# Do you turn everything into a competition?



## MisterPerfect

1531 said:


> Am I the only ESFP who's noncompetitive? I rarely make a competition out of something, it's mostly just for fun - playing a board game or something. It amuses me when I see people who I don't compete with competing with me like...I have nothing to prove to you, bye. I usually mind my own business and as long as my work gives me the desired results I don't care about other people's results. It's not competition that motivates me, what motivates me is the pleasure I take in doing that thing.

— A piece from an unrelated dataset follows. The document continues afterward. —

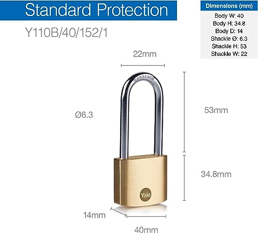This is 8888 Padlock Brass Padlock 6.3mm Shackle 40mm Body manufactured by Yale. The manufacturer part number is Y110B/40/152/1. Additionally, it is for indoor . Its overall shackle diameter is approximately 6.3mm . The product is made from highly stable and reliable brass. It has a Bluetooth feature no . Additionally, it has a/an padlock type lock . Its overall body width is 40mm . Additionally, it has a weather proof nature no . It is keyed alike no .

So if you are ESFP why does your profile say ENFP?


----------



## 1000BugsNightSky

Life is a competition. Everything is a competition.


----------



## KillinIt

I'm unsure as to whether or not im an SP but HELL YES I am competitive. Every tiny thing is a competition I have to win. Even if it's something unimportant and I don't care about, when someone joins in...I have to beat them. I'm quite aggressive and bad tempered ( and can you say argumentative and confrontational? Only when necessary though...I'm not petty) with it as well...but I'm not a grudge holder so I'm not completely unreasonable? I dunno...I don;t have a great deal of control over my competitiveness or anger (you wouldnt believe it: to look at I'm slim, blonde and typically nice and reasonable but inside...there is a hulk)


----------



## AliceKettle

If it's something that comes to me naturally as a talent or skill, or when someone else is annoying me by showing off with a skill that I'm also naturally good at, or interested in. For instance, so many of the other girls on my college dorm floor would sing in the showers of our communal bathroom, so that everyone could hear. A lot of them were music majors/performance majors. I, myself am not a music major, but an English major and a music minor, soI have always loved singing as a hobby. I took private lessons for five years (I plan to again in the near future when I can find a new private teacher again), I like to sing classical music, opera, operetta, and showtunes, I have learned quite a few of all of them, I have performed solo at small recitals in front of a decent amount of people, and sometimes I would sing in the shower after I heard another girl in another shower next to me singing something, so that I could throw her off guard. Then, because I'm a naturally shy introvert, I would generally feel embarrassed and quickly stop when the other person stopped singing after hearing me interrupt them by singing with them.


----------



## Miss Bingley

...considering one of the sole reasons I am on this site so frequently is to see how long it will take me to get to 'Elite Member', yes, I would say I turn everything into a competition.


----------



## Tazzie

No I dont turn everything into a competition. only at sports or video games I can get competitive. I mainly focus on competing against myself and try to beat my own score as to try to improve rather than comparing myself to others.


----------